Work instruction: Reproduce every record below exactly, without the pictures.

Given data:
◇ ◇ ◇ ◇
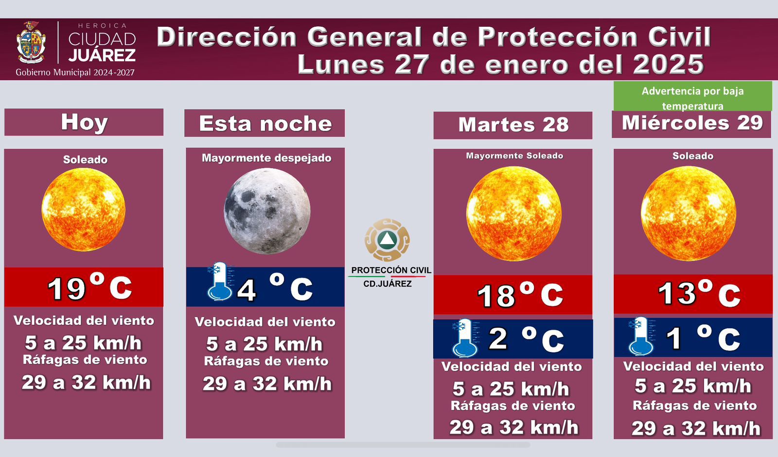 Ciudad Juárez, Chih.- La Dirección General de Protección Civil de Ciudad Juárez informó sobre las condiciones climáticas para los próximos días.
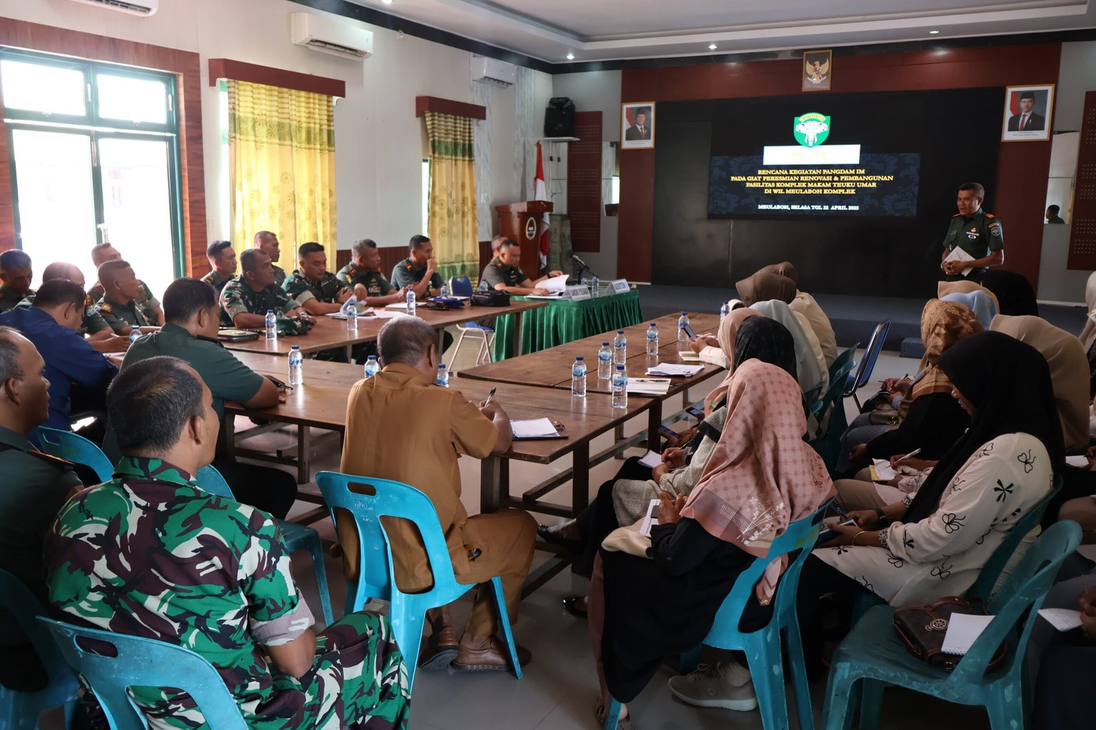 Dalam apersepsinya, Dandim menjelaskan bahwa inti materi pembahasan rapat ini adalah mematangkan kesiapan dalam menyambut kunjungan Pangdam IM dengan titik lokasi utama adalah Komplek Makam Pahlawan Nasional Teuku Umar di Desa Mugoe Rayeuk, Kecamatan Panton Reu, pada tanggal 22 April 2025 nanti.
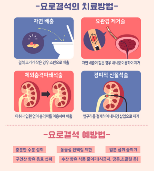 요로결석 치료는 크게 세 가지로 나뉜다. 5㎜ 미만의 작은 결석은 다량의 수분 섭취나 약물로 배출을 촉진할 수 있다. 그러나 결석 크기가 10㎜ 이상이거나 발생 위치가 상부 요관이면 자연 배출을 기대하기 어려워 시술·수술적 치료가 필요하다. '체외충격파 쇄석술'은 외부에서 발생시킨 충격파를 결석에 집중시켜 체내에서 결석을 분쇄해 배출하는 시술이다. 마취·입원이 필요 없어 환자의 부담이 적다. 수술적 치료는 내시경을 이용해 결석을 레이저로 없애는 '요관경 결석 제거술'이 대표적이다.
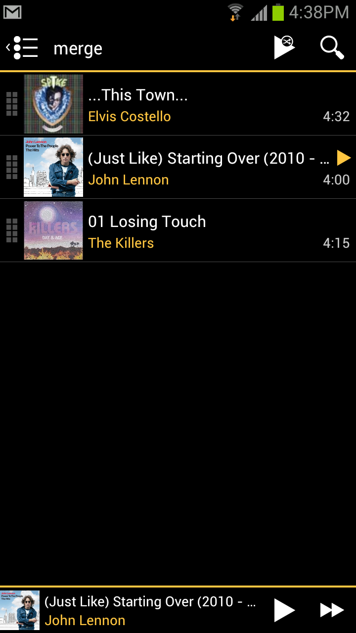 | Description | With the steps below, it is possible to create a single playlist item which has artists from 2 separate songs. Please refer to the screen shots attached Screen 1 - original playlist. From this, "john lennon" is deleted, and "Suede" added Screen 2- playlist state after above Screen 3 - When "merged" item is moved, the songs "demerge", and list of 3 items is shown as expected | ||||
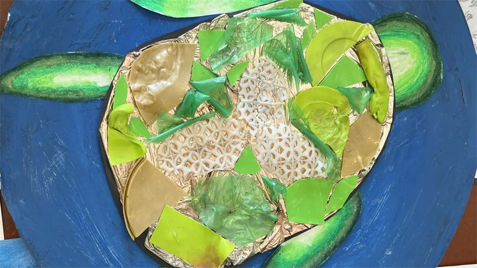 Kunst laga av plast frå ei strand i Durban. Foto: Berea Primary school
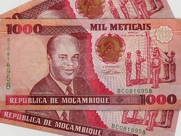 หน่วยเงินตราของโมซัมบิก คือ โมซัมบิกเมติกัล มีรหัสสกุลเงิน คือ MZN ปัจจุบันมีอัตราแลกเปลี่ยนอยู่ที่ 1.01 MZN ต่อ 1 บาท (ข้อมูลล่าสุด ณ วันที่ 3 พฤษภาคม 2556)
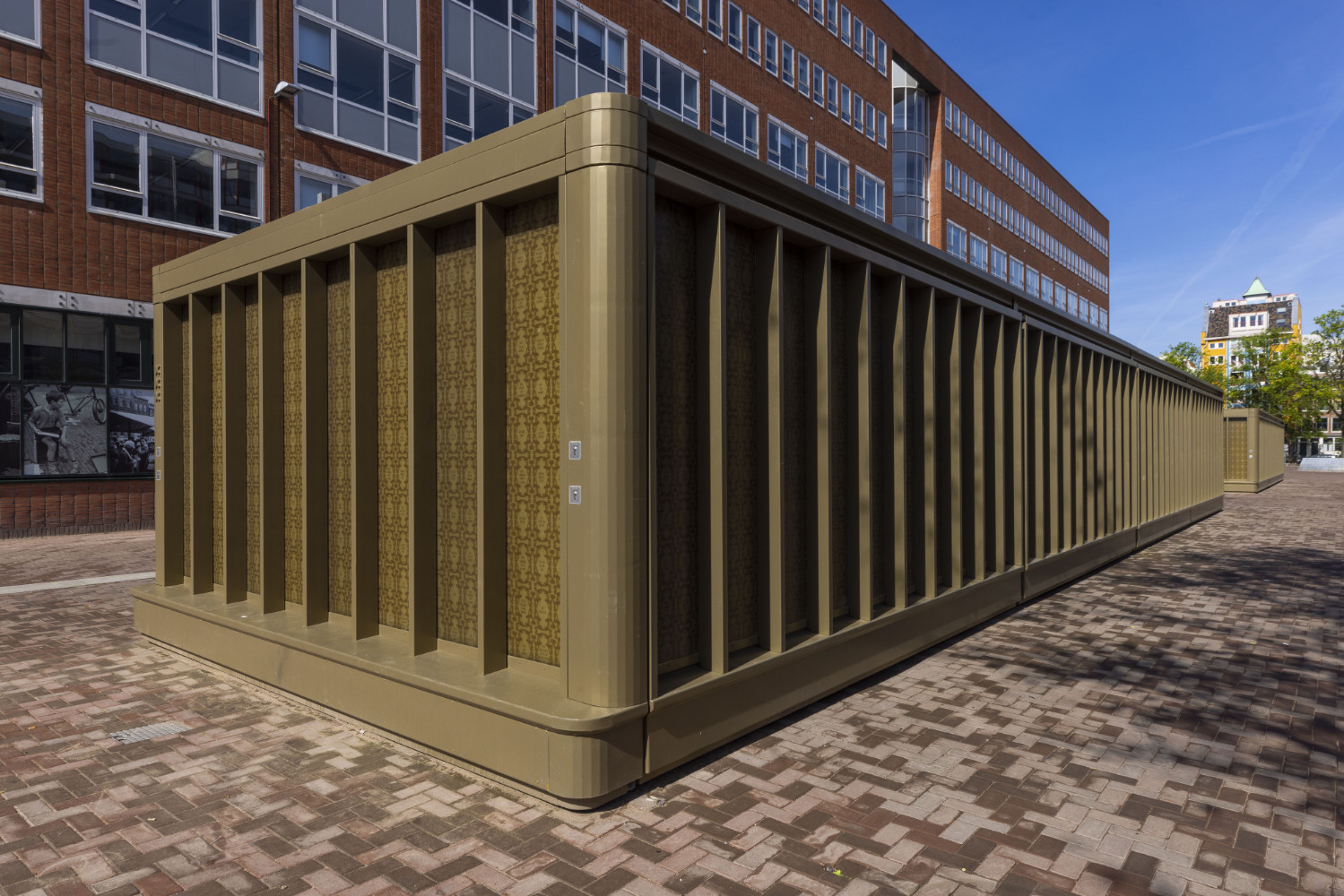 Multifunctionele box: De van binnenuit aangelichte boxgevels fungeren als expositie wanden op het plein. Hier kunnen grote afbeeldingen als openbare kunst het plein allure en sfeer geven. Door de translucente gevels worden de foto’s ook ‘s avonds sfeervol aangelicht. De boxhouders kiezen de foto’s uit een selectie en personaliseren daarmee zo hun box. Te denken valt aan afbeeldingen met bijvoorbeeld Amsterdamse sleutelfiguren zoals schilders, zangers, kunstenaars, historische foto’s of vrije kunst. Denkbaar is dat deze collectie periodiek vervangen wordt. Aan de zijkanten van de boxen zijn geïntegreerde zitbanken gemaakt zodat verblijfsplekken ontstaan buiten markttijden, de boxen dienen hier als openbaar zitmeubilair voor het plein.
◇ ◇ ◇ ◇
Answer to this problem:
 Ciudad Juárez, Chih.- La Dirección General de Protección Civil de Ciudad Juárez informó sobre las condiciones climáticas para los próximos días.
 Dalam apersepsinya, Dandim menjelaskan bahwa inti materi pembahasan rapat ini adalah mematangkan kesiapan dalam menyambut kunjungan Pangdam IM dengan titik lokasi utama adalah Komplek Makam Pahlawan Nasional Teuku Umar di Desa Mugoe Rayeuk, Kecamatan Panton Reu, pada tanggal 22 April 2025 nanti.
 요로결석 치료는 크게 세 가지로 나뉜다. 5㎜ 미만의 작은 결석은 다량의 수분 섭취나 약물로 배출을 촉진할 수 있다. 그러나 결석 크기가 10㎜ 이상이거나 발생 위치가 상부 요관이면 자연 배출을 기대하기 어려워 시술·수술적 치료가 필요하다. '체외충격파 쇄석술'은 외부에서 발생시킨 충격파를 결석에 집중시켜 체내에서 결석을 분쇄해 배출하는 시술이다. 마취·입원이 필요 없어 환자의 부담이 적다. 수술적 치료는 내시경을 이용해 결석을 레이저로 없애는 '요관경 결석 제거술'이 대표적이다.
 | Description | With the steps below, it is possible to create a single playlist item which has artists from 2 separate songs. Please refer to the screen shots attached Screen 1 - original playlist. From this, "john lennon" is deleted, and "Suede" added Screen 2- playlist state after above Screen 3 - When "merged" item is moved, the songs "demerge", and list of 3 items is shown as expected | ||||
 Kunst laga av plast frå ei strand i Durban. Foto: Berea Primary school
 หน่วยเงินตราของโมซัมบิก คือ โมซัมบิกเมติกัล มีรหัสสกุลเงิน คือ MZN ปัจจุบันมีอัตราแลกเปลี่ยนอยู่ที่ 1.01 MZN ต่อ 1 บาท (ข้อมูลล่าสุด ณ วันที่ 3 พฤษภาคม 2556)
 Multifunctionele box: De van binnenuit aangelichte boxgevels fungeren als expositie wanden op het plein. Hier kunnen grote afbeeldingen als openbare kunst het plein allure en sfeer geven. Door de translucente gevels worden de foto’s ook ‘s avonds sfeervol aangelicht. De boxhouders kiezen de foto’s uit een selectie en personaliseren daarmee zo hun box. Te denken valt aan afbeeldingen met bijvoorbeeld Amsterdamse sleutelfiguren zoals schilders, zangers, kunstenaars, historische foto’s of vrije kunst. Denkbaar is dat deze collectie periodiek vervangen wordt. Aan de zijkanten van de boxen zijn geïntegreerde zitbanken gemaakt zodat verblijfsplekken ontstaan buiten markttijden, de boxen dienen hier als openbaar zitmeubilair voor het plein.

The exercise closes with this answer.